What you will do »
Leave the pictures out while you restate every entry below word for word.

Segment Start: Records for this task

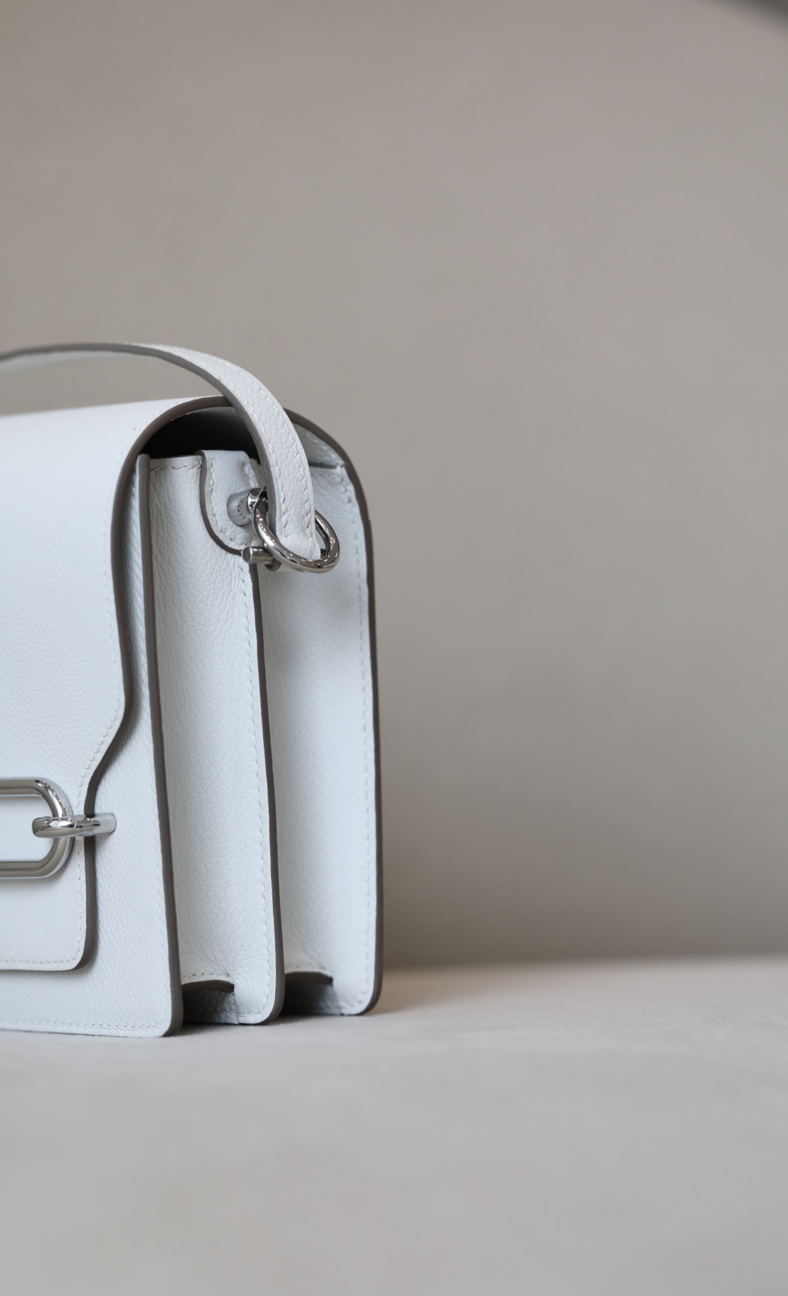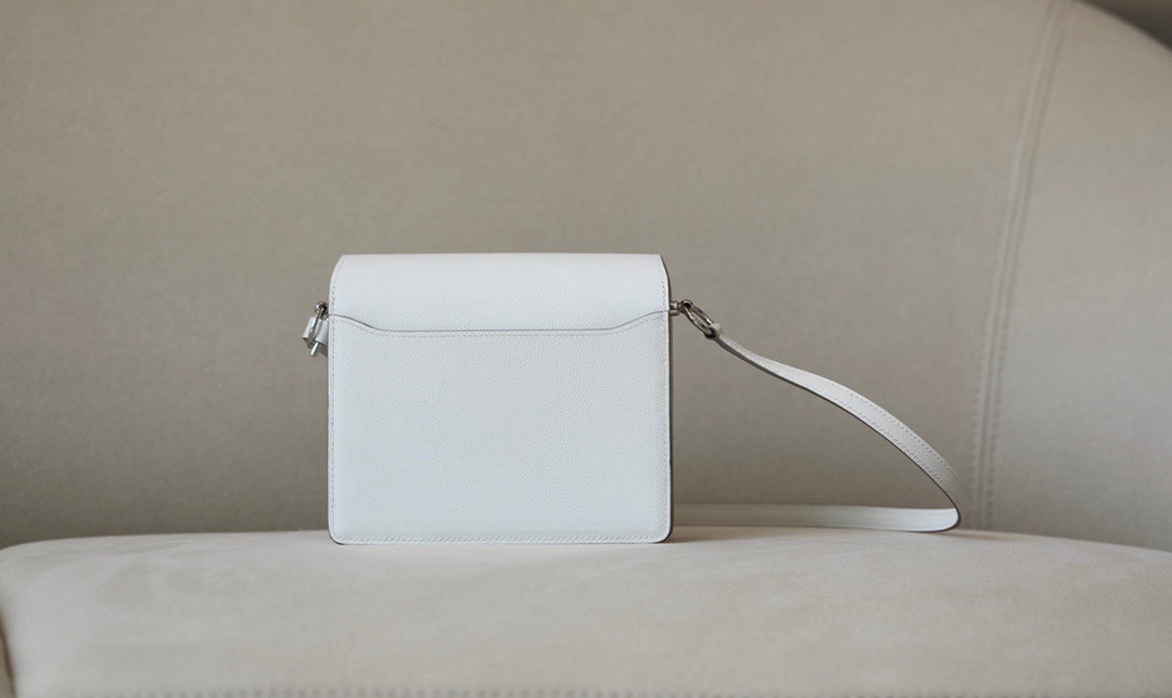 Includes ribbon, care booklet, dust bag, paper bag and box.
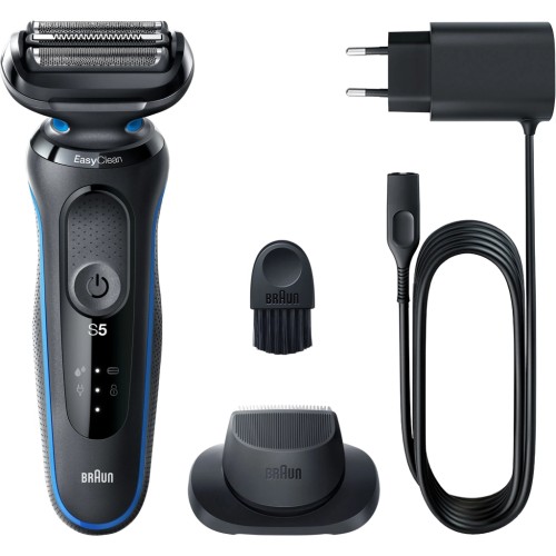 Чоловіча електробритва Braun Series 5 із 3 плаваючими лезами для легкого гоління, яке адаптується до контурів вашого обличчя. Система EasyClean забезпечує швидке та легке очищення, не знімаючи бритвену головку. Літій-іонний акумулятор забезпечує до 3 тижнів гоління та швидко заряджається за 5 хвилин для 1 гоління. Електробритва на 100 % водонепроникна і дозволяє як сухе, так і вологе гоління. Сумісна із EasyClick, щоб розширити можливості вашої бритви.
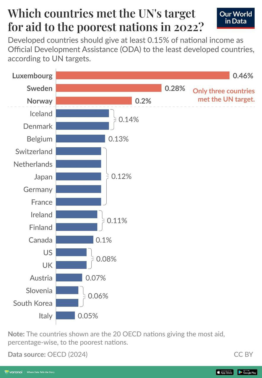 이 그래픽은 대부분 고소득 국가들로 구성된 OECD 회원국을 기준으로, 2022년 최빈국(LDCs)에 대한 순수 공적개발원조(ODA)를 국내총소득(GNI) 대비 비율로 측정해 순위를 매긴 것이다. 이 수치는 UN이 추적한 데이터를 바탕으로 하며, 1980년대부터 제시된 기준선인 GNI의 0.15%를 초과한 국가는 단 3개국에 불과했다.
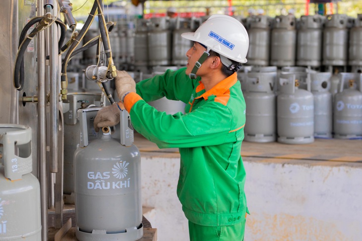 Nhân viên Gas South làm việc tại trạm nạp LPG Cần Thơ - Ảnh: DNCC
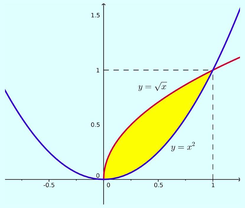 A=integral0^1(raizx-x^2) d x=(2 x^32-x^33)|0 ^1=13 ua e
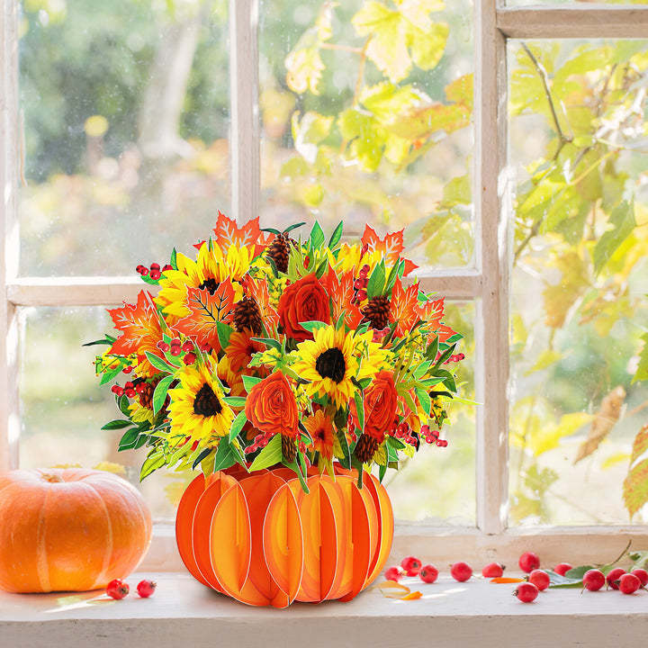 Fall Flower Paper Bouquet Pop up Card for Thanksgiving

Segment End: Records for this task

Reply »
 Includes ribbon, care booklet, dust bag, paper bag and box.
 Чоловіча електробритва Braun Series 5 із 3 плаваючими лезами для легкого гоління, яке адаптується до контурів вашого обличчя. Система EasyClean забезпечує швидке та легке очищення, не знімаючи бритвену головку. Літій-іонний акумулятор забезпечує до 3 тижнів гоління та швидко заряджається за 5 хвилин для 1 гоління. Електробритва на 100 % водонепроникна і дозволяє як сухе, так і вологе гоління. Сумісна із EasyClick, щоб розширити можливості вашої бритви.
 이 그래픽은 대부분 고소득 국가들로 구성된 OECD 회원국을 기준으로, 2022년 최빈국(LDCs)에 대한 순수 공적개발원조(ODA)를 국내총소득(GNI) 대비 비율로 측정해 순위를 매긴 것이다. 이 수치는 UN이 추적한 데이터를 바탕으로 하며, 1980년대부터 제시된 기준선인 GNI의 0.15%를 초과한 국가는 단 3개국에 불과했다.
 Nhân viên Gas South làm việc tại trạm nạp LPG Cần Thơ - Ảnh: DNCC
 A=integral0^1(raizx-x^2) d x=(2 x^32-x^33)|0 ^1=13 ua e
 Fall Flower Paper Bouquet Pop up Card for Thanksgiving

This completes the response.